In this historical paper intended for non-logicians, the author focuses on the major contributions of Thoralf Skolem, who established first-order logic as the basis of mathematics. The author first outlines the history of mathematical logic, discussing Boole’s calculus, the quantifiers of Frege and Peirce (whose part is often forgotten), and Schröder’s algebra. Next, he investigates the early “collisions” between logic and mathematics, viz., the axiomatizations of geometry (by Hilbert) and of natural numbers (by Dedekind, Peano, and Russell and Whitehead), with only a cursory mention of set theory. The author gives a detailed account of the decisive influence of the emergence of Hilbertian formalism in the 1920s. The paper ends with Skolem’s work.
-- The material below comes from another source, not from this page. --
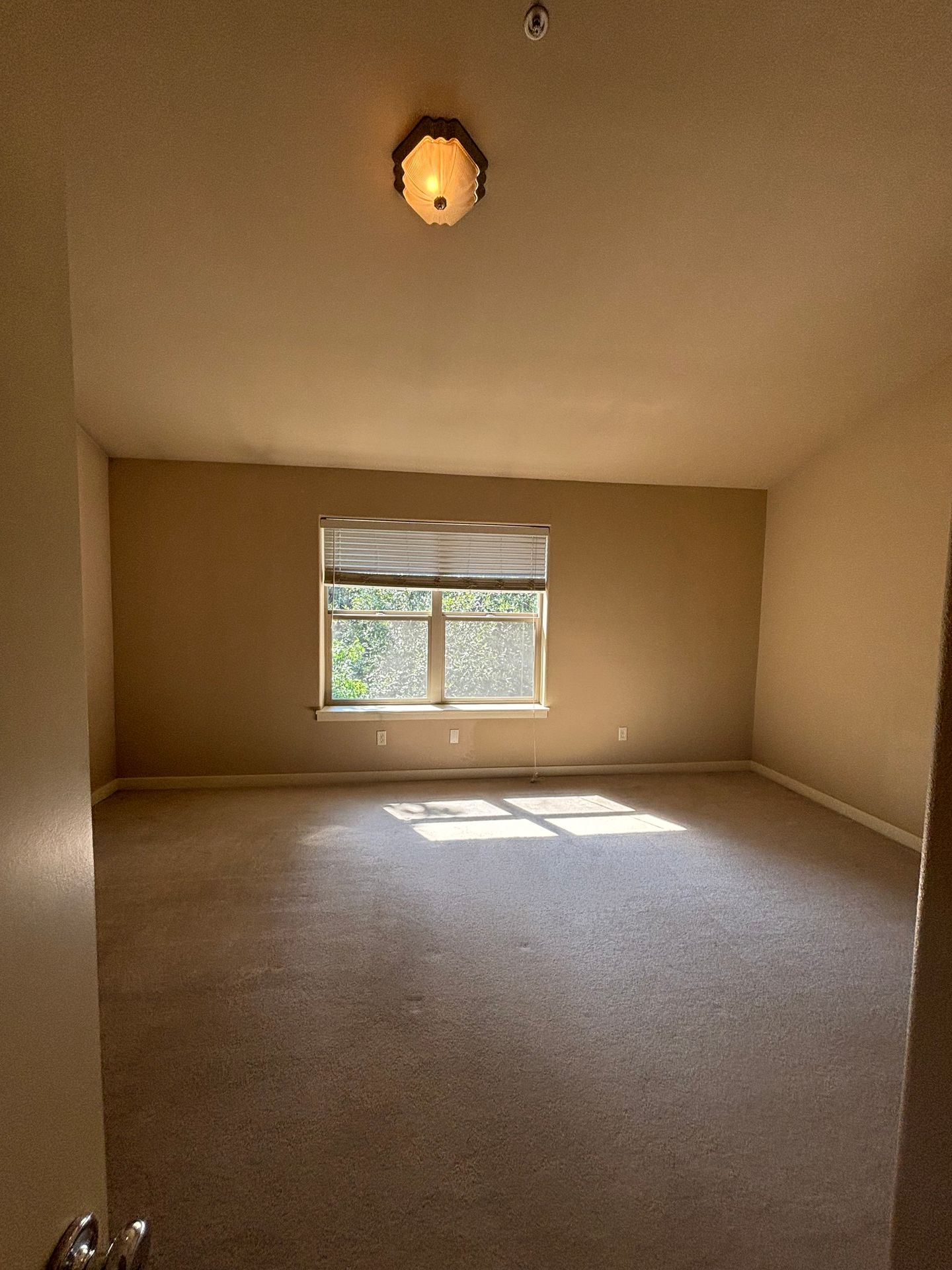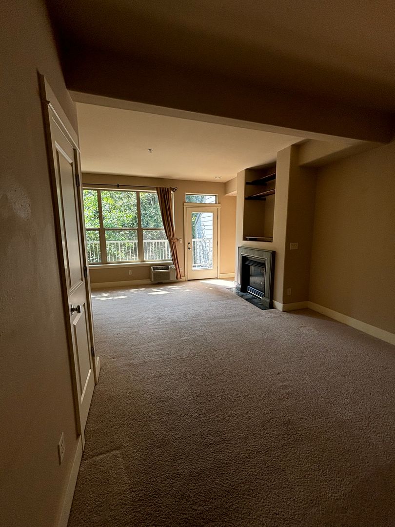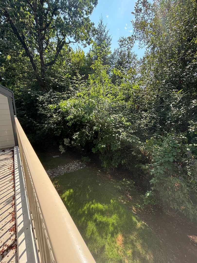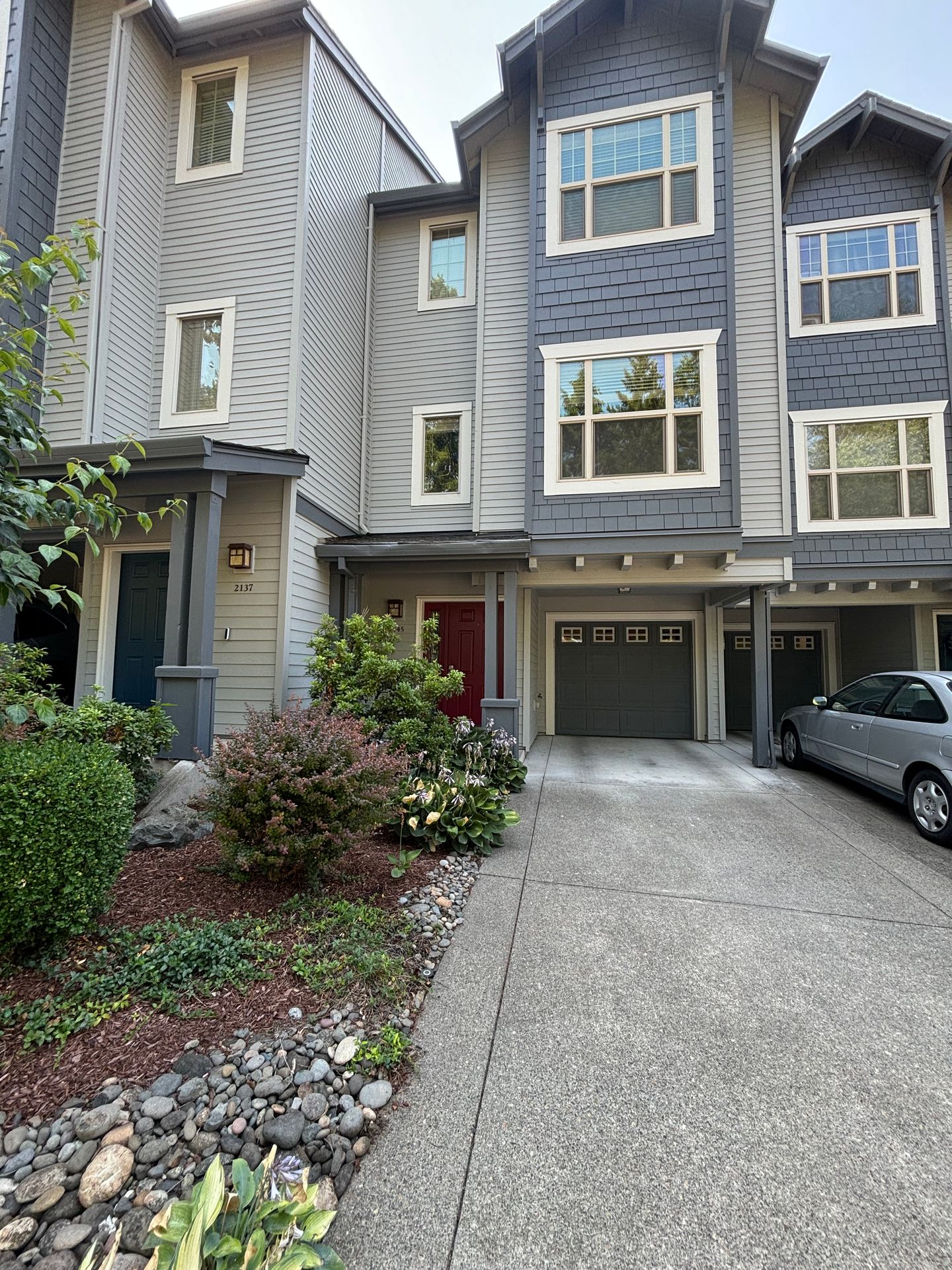 Beautiful three story condominium with a peaceful and private view of the trees out the back windows. 2 bedrooms and 2 1/2 bathrooms with 1453 sq. ft. Gorgeous kitchen with hardwood floors, granite counter tops, and cherry stained cabinets. Stainless steel kitchen appliances (gas) and also includes a washer/dryer set. Large living room with cozy gas fireplace! Formal dining area in living room or use informal dining area and breakfast bar in kitchen. Private balcony deck off the living room looks out to trees. Oversized 2 car tandem parking garage with extra storage area. Additional parking for one car under carport. Walking areas close by as well as park and library. No smoking, no pets.

The author’s thesis is that logic has narrowed down to first-order with Skolem reduction. More seriously, the existence of countable models via the Löwenheim-Skolem Theorem leads to relativism, thereby going against the wishes of the pioneers of axiomatization: “the house was divided against itself.” But the history of the interface between logic and mathematics did not end in 1940. The work of Cohen and his contemporaries has significantly increased our knowledge: various new second-order axioms have been tested with no decisive achievement.
The paper is hampered by a lack of notations and symbols. Although a glossary is included, some notions of logic (e.g., axiom schemata) are used with no explanation.